• [Problem statement]: Reproduce the entries verbatim; no pictures.

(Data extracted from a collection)
'''
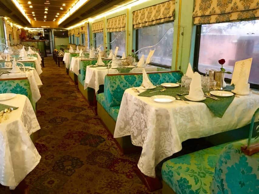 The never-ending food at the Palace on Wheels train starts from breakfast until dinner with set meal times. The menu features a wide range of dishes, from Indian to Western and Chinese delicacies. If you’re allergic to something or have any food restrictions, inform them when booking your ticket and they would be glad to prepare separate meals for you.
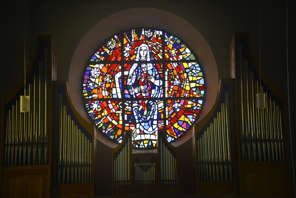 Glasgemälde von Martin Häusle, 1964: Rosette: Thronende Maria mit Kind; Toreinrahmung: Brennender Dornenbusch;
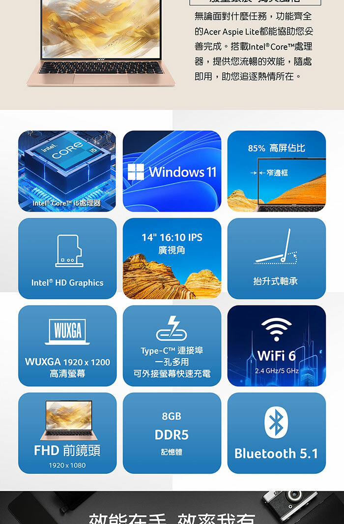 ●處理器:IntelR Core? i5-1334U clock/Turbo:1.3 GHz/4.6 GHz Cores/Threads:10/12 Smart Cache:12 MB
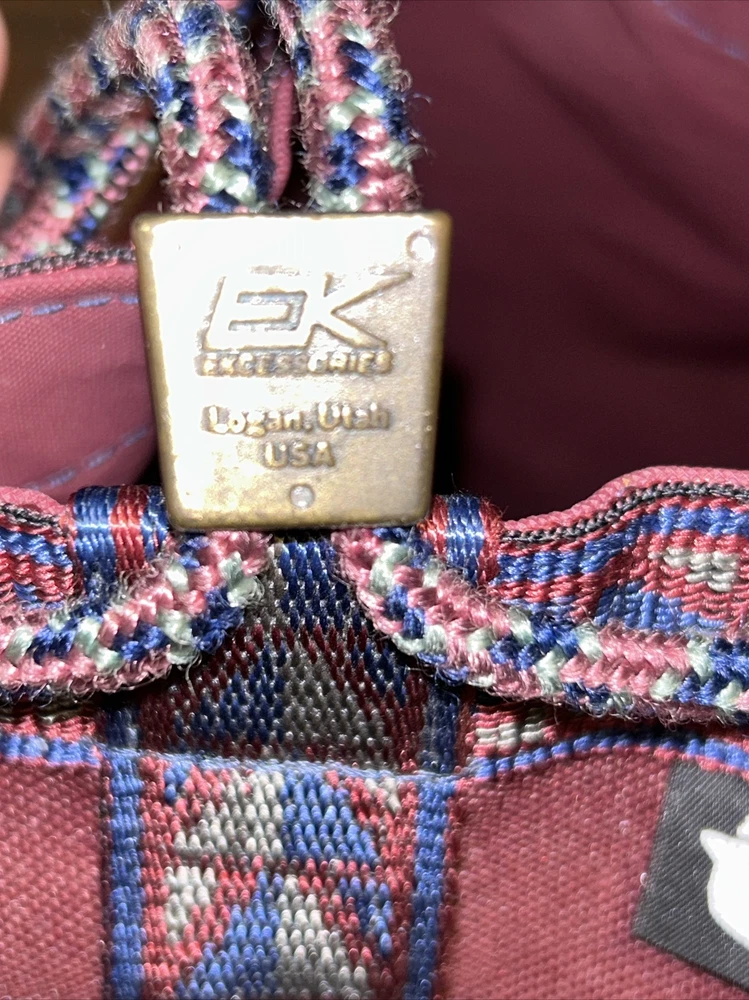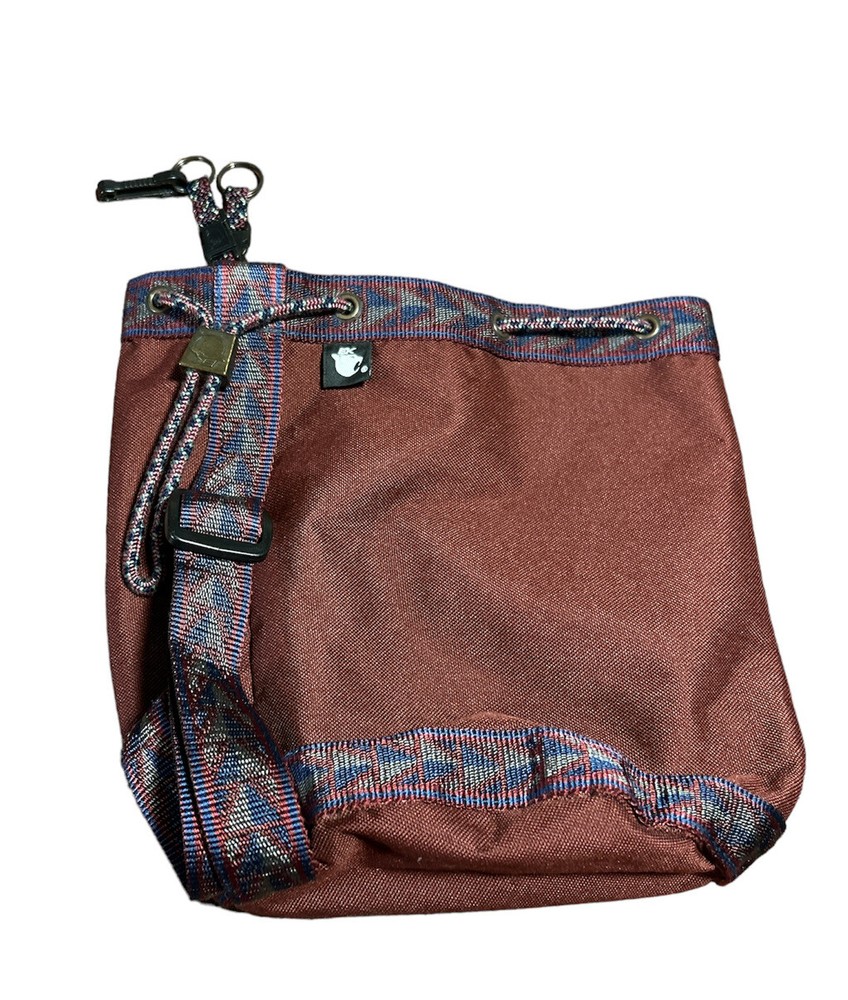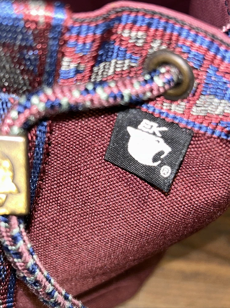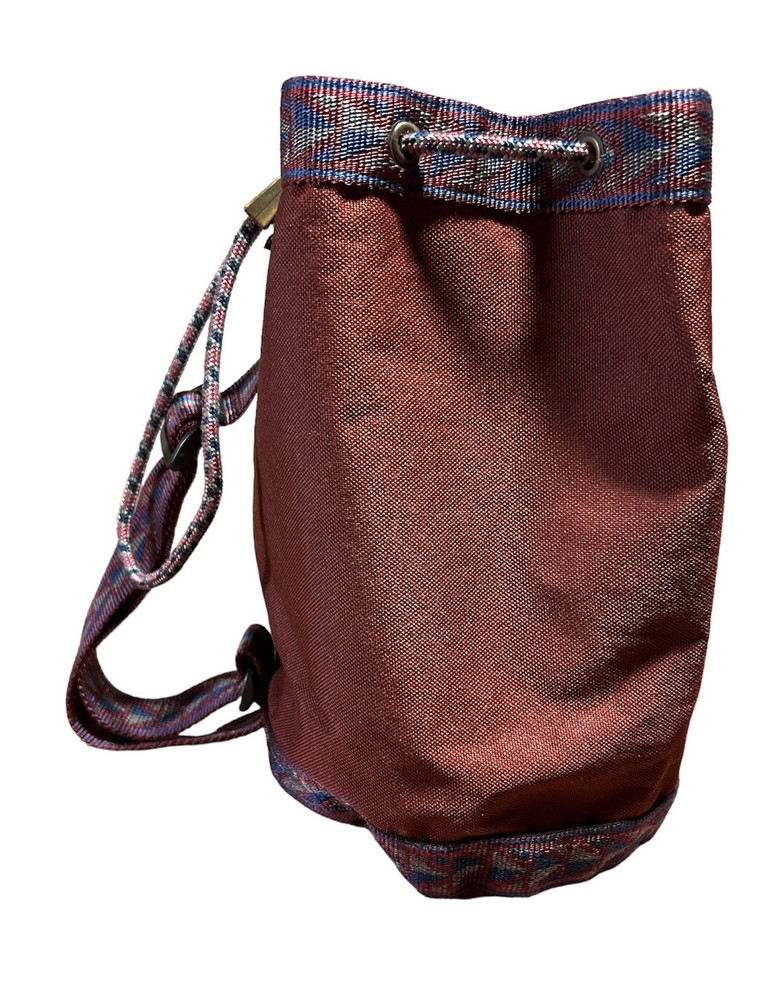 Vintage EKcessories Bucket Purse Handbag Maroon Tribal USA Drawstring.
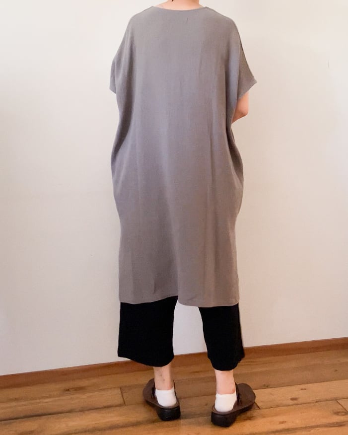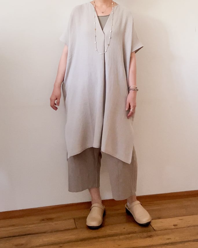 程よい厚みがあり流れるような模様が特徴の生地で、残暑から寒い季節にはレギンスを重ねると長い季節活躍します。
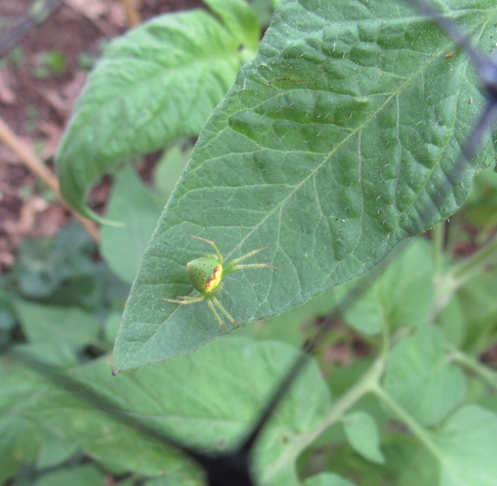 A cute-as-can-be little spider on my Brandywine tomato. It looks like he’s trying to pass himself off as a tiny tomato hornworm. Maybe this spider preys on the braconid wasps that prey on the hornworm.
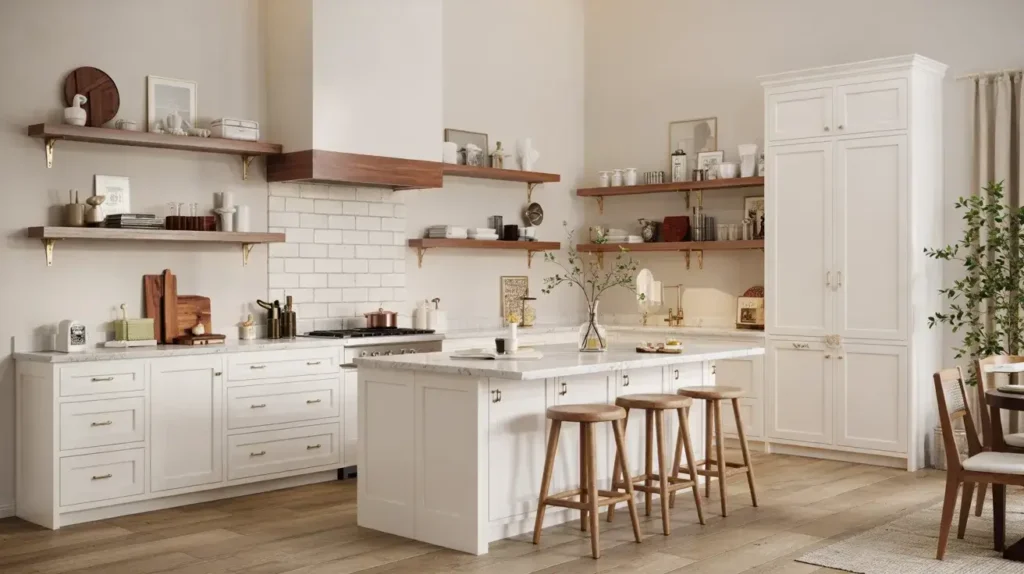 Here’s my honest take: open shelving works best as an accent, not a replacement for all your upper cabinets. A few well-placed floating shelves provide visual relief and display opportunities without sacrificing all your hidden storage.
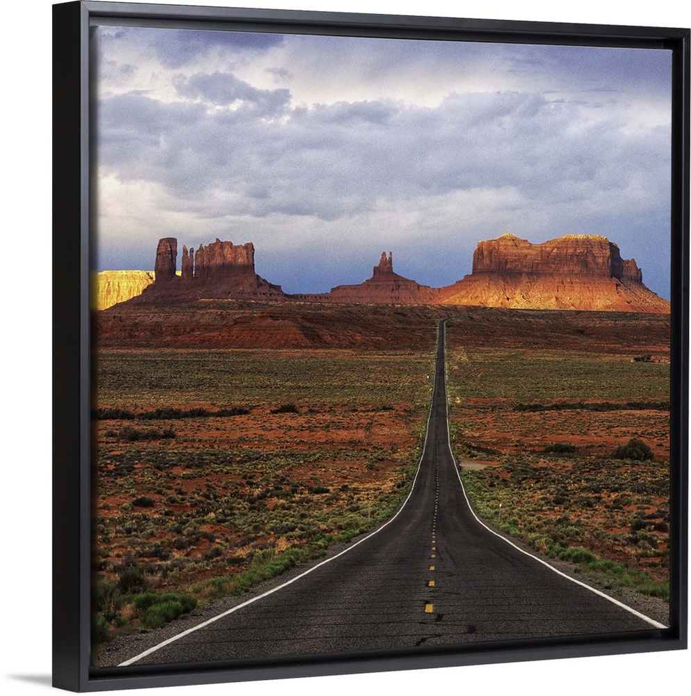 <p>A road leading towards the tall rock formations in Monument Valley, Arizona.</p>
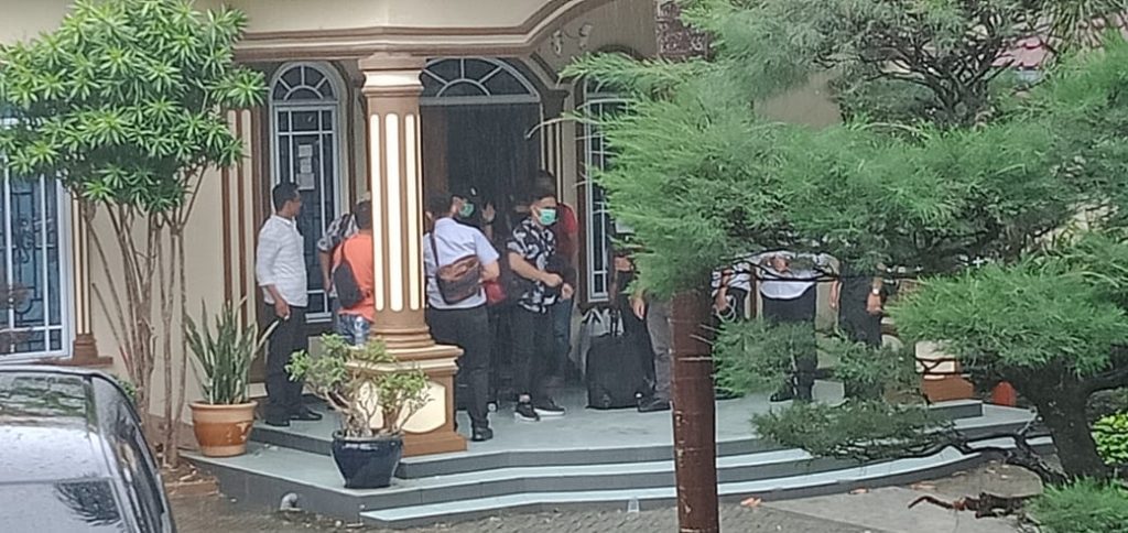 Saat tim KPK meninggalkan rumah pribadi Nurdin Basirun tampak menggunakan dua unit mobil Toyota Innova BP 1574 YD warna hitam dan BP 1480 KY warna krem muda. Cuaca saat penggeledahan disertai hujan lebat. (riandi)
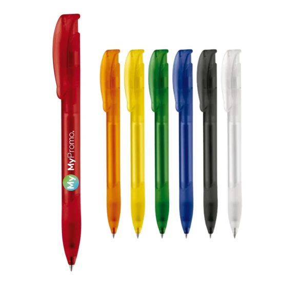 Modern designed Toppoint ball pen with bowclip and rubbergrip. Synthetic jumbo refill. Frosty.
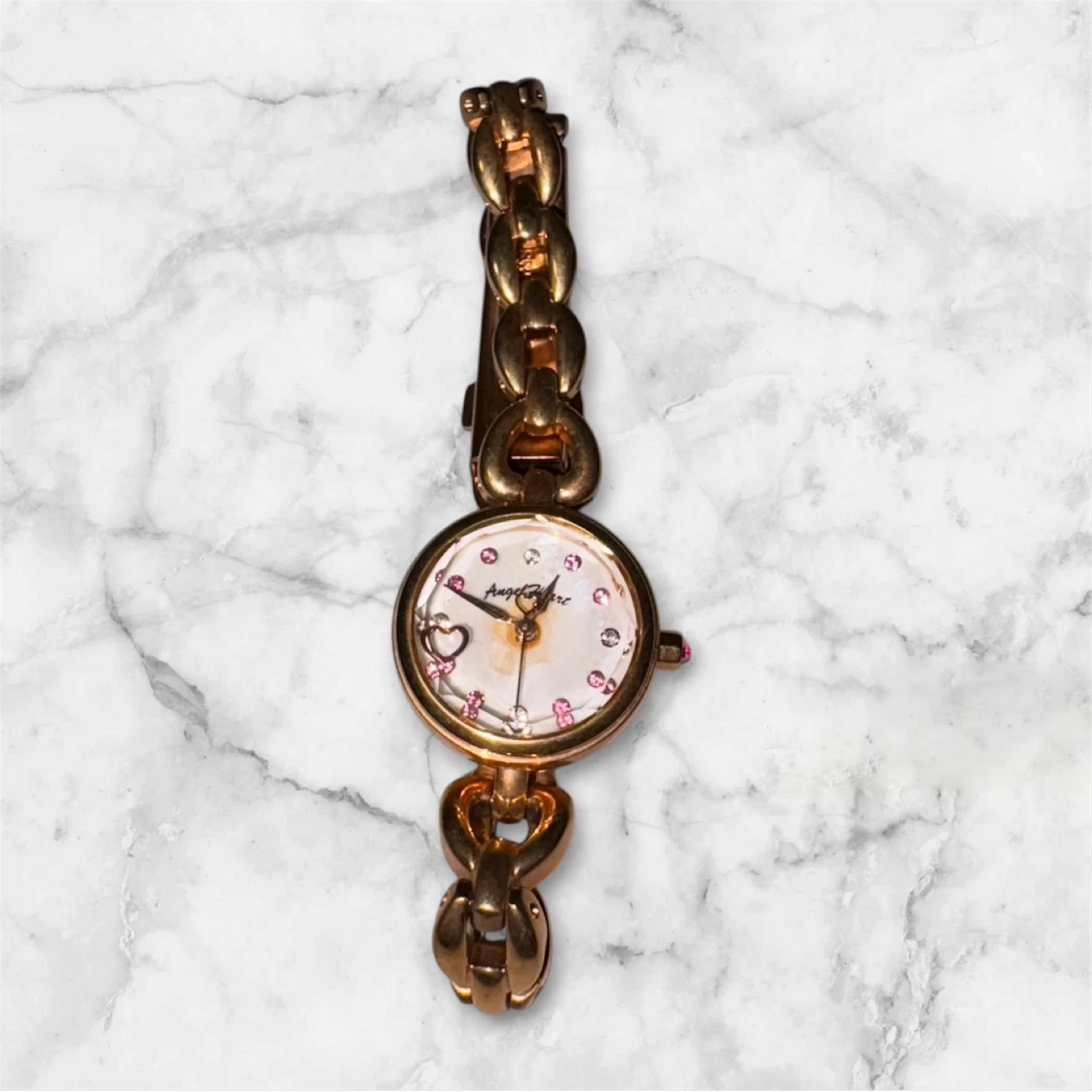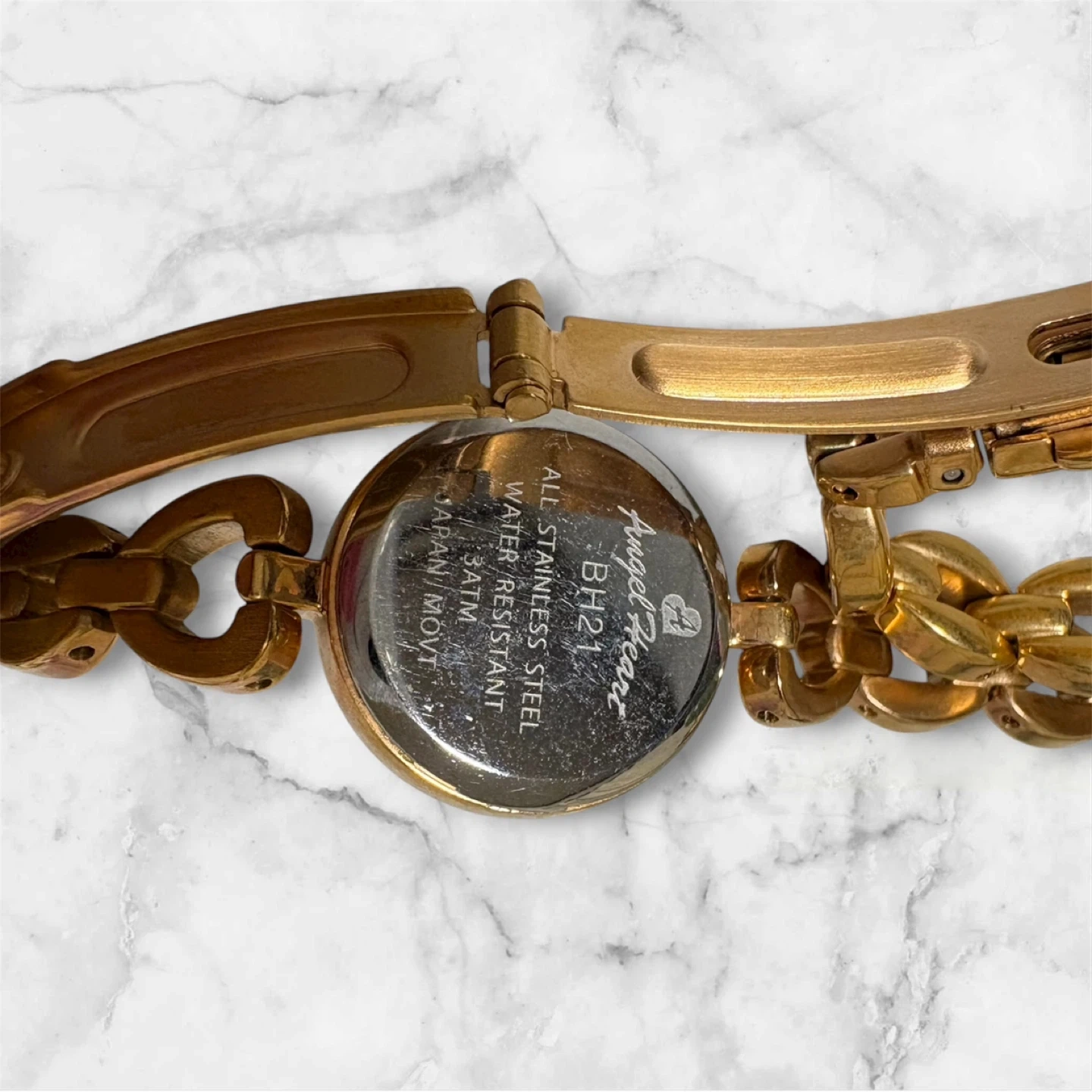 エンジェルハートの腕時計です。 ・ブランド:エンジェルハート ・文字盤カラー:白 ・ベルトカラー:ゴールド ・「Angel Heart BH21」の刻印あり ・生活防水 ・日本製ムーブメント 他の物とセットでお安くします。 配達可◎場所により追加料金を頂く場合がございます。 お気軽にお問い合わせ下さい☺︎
'''
• [Solution to this exercise]:
 The never-ending food at the Palace on Wheels train starts from breakfast until dinner with set meal times. The menu features a wide range of dishes, from Indian to Western and Chinese delicacies. If you’re allergic to something or have any food restrictions, inform them when booking your ticket and they would be glad to prepare separate meals for you.
 Glasgemälde von Martin Häusle, 1964: Rosette: Thronende Maria mit Kind; Toreinrahmung: Brennender Dornenbusch;
 ●處理器:IntelR Core? i5-1334U clock/Turbo:1.3 GHz/4.6 GHz Cores/Threads:10/12 Smart Cache:12 MB
 Vintage EKcessories Bucket Purse Handbag Maroon Tribal USA Drawstring.
 程よい厚みがあり流れるような模様が特徴の生地で、残暑から寒い季節にはレギンスを重ねると長い季節活躍します。
 A cute-as-can-be little spider on my Brandywine tomato. It looks like he’s trying to pass himself off as a tiny tomato hornworm. Maybe this spider preys on the braconid wasps that prey on the hornworm.
 Here’s my honest take: open shelving works best as an accent, not a replacement for all your upper cabinets. A few well-placed floating shelves provide visual relief and display opportunities without sacrificing all your hidden storage.
 <p>A road leading towards the tall rock formations in Monument Valley, Arizona.</p>
 Saat tim KPK meninggalkan rumah pribadi Nurdin Basirun tampak menggunakan dua unit mobil Toyota Innova BP 1574 YD warna hitam dan BP 1480 KY warna krem muda. Cuaca saat penggeledahan disertai hujan lebat. (riandi)
 Modern designed Toppoint ball pen with bowclip and rubbergrip. Synthetic jumbo refill. Frosty.
 エンジェルハートの腕時計です。 ・ブランド:エンジェルハート ・文字盤カラー:白 ・ベルトカラー:ゴールド ・「Angel Heart BH21」の刻印あり ・生活防水 ・日本製ムーブメント 他の物とセットでお安くします。 配達可◎場所により追加料金を頂く場合がございます。 お気軽にお問い合わせ下さい☺︎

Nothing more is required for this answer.